Mit dem Messer niedergestochen
Das Landgericht Ingolstadt hat einen 56-Jährigen zu einer Freiheitsstrafe von sechs Jahren verurteilt. Der Mann hatte seinen Nachbarn und dessen Sohn lebensgefährlich verletzt
Ingolstadt Das Landgericht Ingolstadt hat den 56-jährigen Mann aus Pfaffenhofen, der vor einem Jahr seinen Nachbarn und dessen Sohn niedergestochen und lebensgefährlich verletzt hatte, zu einer Freiheitsstrafe von sechs Jahren verurteilt. Die 1. Strafkammer unter Vorsitz von Landgerichtsvizepräsident Jochen Bösl sprach den arbeitslosen Kraftfahrer wegen gefährlicher Körperverletzung schuldig.
Die Staatsanwaltschaft Ingolstadt hatte ihn wegen versuchten Totschlags und gefährlicher Körperverletzung angeklagt. Und die Vertreterin der Anklage sah diese Vorwürfe nach Beendigung der Beweisaufnahme als belegt an. In ihrem Plädoyer hatte sie am Donnerstag acht Jahre und zehn Monate Haft für den Angeklagten gefordert. Verteidiger Stefan Roeder dagegen hatte auf fünf Jahre plädiert. Wegen gefährlicher Körperverletzung. Einen versuchten Totschlag sah er durch die Zeugenaussagen als nicht belegt an.
Was am zweiten Weihnachtstag 2017 in Pfaffenhofen geschah, bezeichnete Richter Bösl in seiner Urteilsbegründung als eine „vollkommen sinnlose Tat“. Der weitgehend geständige und glaubhaft reuige Angeklagte hatte seinen Obermieter und dessen drei gerade von einem Ausflug nach Hause kommenden Söhne mit einem Küchenmesser im Hausflur erwartet. Den heute 52-Jährigen attackierte er und verletzte im sich entwickelnden Kampf auch den inzwischen 18-jährigen ältesten Sohn lebensgefährlich, der seinem Vater half. Beide überlebten nur, weil sie schnell notoperiert wurden. Die beiden jüngsten Söhne waren körperlich unbeschadet geblieben. Dem Angriff vorausgegangen war ein länger dauernder Nachbarschaftsstreit, der allerdings nach Auffassung der Kammer wesentlich vonseiten des Angeklagten ausging. Der habe letztlich seinen Obermieter „zum Sündenbock für alle seine Probleme“gemacht.
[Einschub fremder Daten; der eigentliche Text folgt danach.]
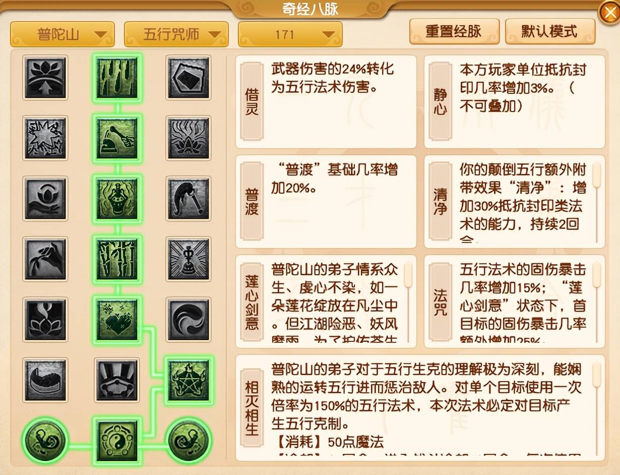 由于普陀山在本次门派中并没有太大的变化,所以依然推荐大家选择【五行咒师】流派刷任务,经脉推荐采用“2222232”的点法。这样点既可以提高普陀山的固定伤害,还能起到辅助队友的作用。
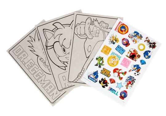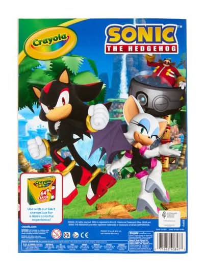 The Hedgehog sticker sheet, this book features beloved characters like Sonic, Tails, Shadow, and Knuckles. Includes pages of coloring activities and a Sonic Pair with Supertips or Crayons for a great gift .Safe and nontoxic.
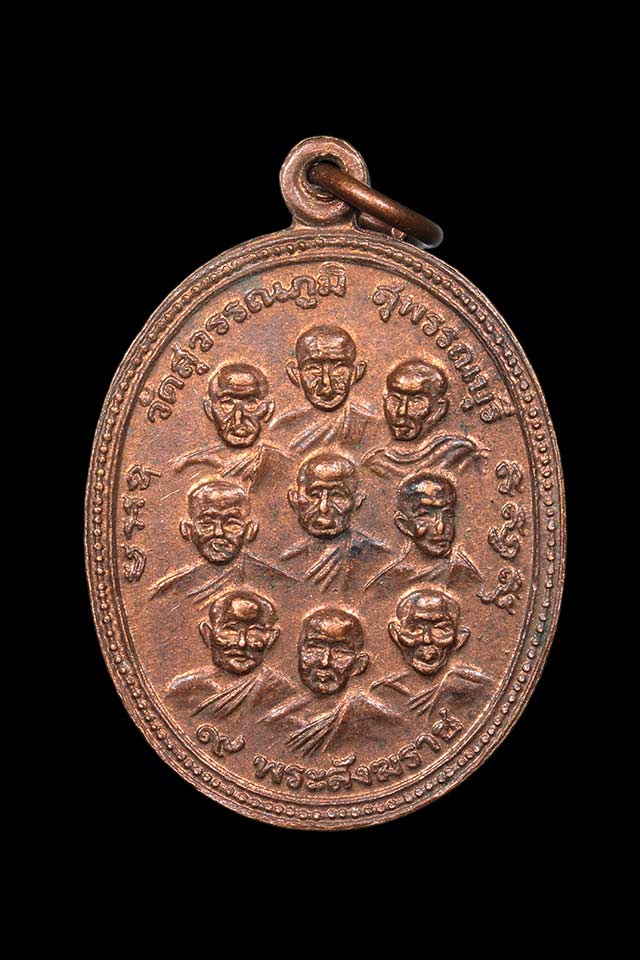 เหรียญ " 9 พระสังฆราช หลัง 9 มหาราช " เทิดพระเกียรติ 9 รัชกาล วัดสุวรรณภูมิ จ.สุพรรณบุรี ( หลวงพ่อมุ่ยปลุกเสก )
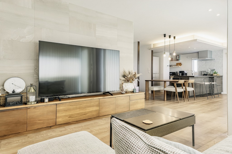 自然と家族の会話が生まれるような明るいリビング。正面にはエコカラットを施し、上品さをプラスしています
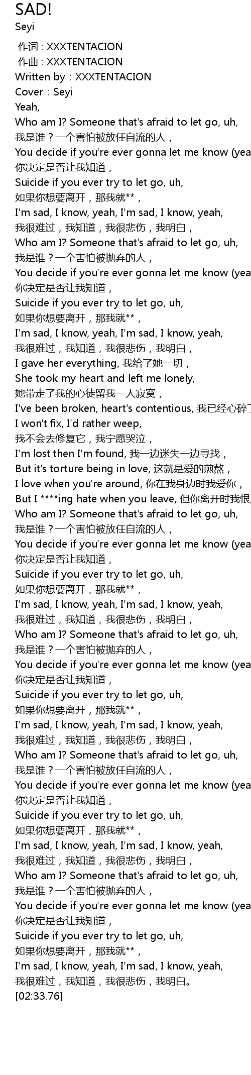 | [02:30.52] | I'm sad, I know, yeah, I'm sad, I know, yeah, 我很难过,我知道,我很悲伤,我明白。 |

Kurz vor der Tat hatte er sich erneut mit seiner Frau und dem Sohn zerstritten. Zudem hatte er, der früher Probleme mit Alkohol hatte, an jenem Tag mehrere Biere getrunken, war enthemmt, auch depressiv verstimmt, dennoch aber – laut psychiatrischem Gutachter – voll schuldfähig.
Die juristisch entscheidende Frage in dem Prozess war, ob der Ange- klagte letztlich vom Versuch des Totschlags „freiwillig zurückgetreten“war. So lautet die juristische Formulierung. Die Kammer, die ihr Urteil lange und ausführlich begründete, sah das so. Sehr verkürzt dargestellt deshalb: Auch wenn der Angeklagte mit seinem Handeln den Tod der beiden in Kauf genommen habe, habe er letztlich aber doch nach dem letzten Stich aufgehört und das Messer weggelegt, obwohl er hätte weitermachen können. Und zwar zu einem Zeitpunkt, wo er – zumindest „nicht widerlegbar“– davon ausgegangen sei, dass die beiden Männer nicht tödlich verletzt waren. Im Zweifel für den Angeklagten. Aus dieser Einschätzung resultiere letztlich das Strafmaß. Symbolfoto: haju Dass dies der Nebenklage, die auch eine Haftstrafe im zweistelligen Bereich für angemessen erachtet hätte, zu wenig sei, fand Bösl „absolut nachvollziehbar“. Wenn der Mann und der Sohn beinahe ums Leben kommen, sei klar, dass es die Familie am liebsten habe, wenn der Täter nie aus dem Gefängnis käme. „Wir müssen die Tat aber rechtlich einordnen“, erklärte Bösl. Und zu vergleichbaren Fällen ins Verhältnis setzen. Dem nicht vorbestraften Angeklagten, der sich in seinem letzten Wort erneut entschuldigte, redete er ins Gewissen: „Es ist reine Glückssache, dass die beiden überlebt haben.“Zudem leide die ganze Familie nach wie vor unter dem, was er ihr angetan habe.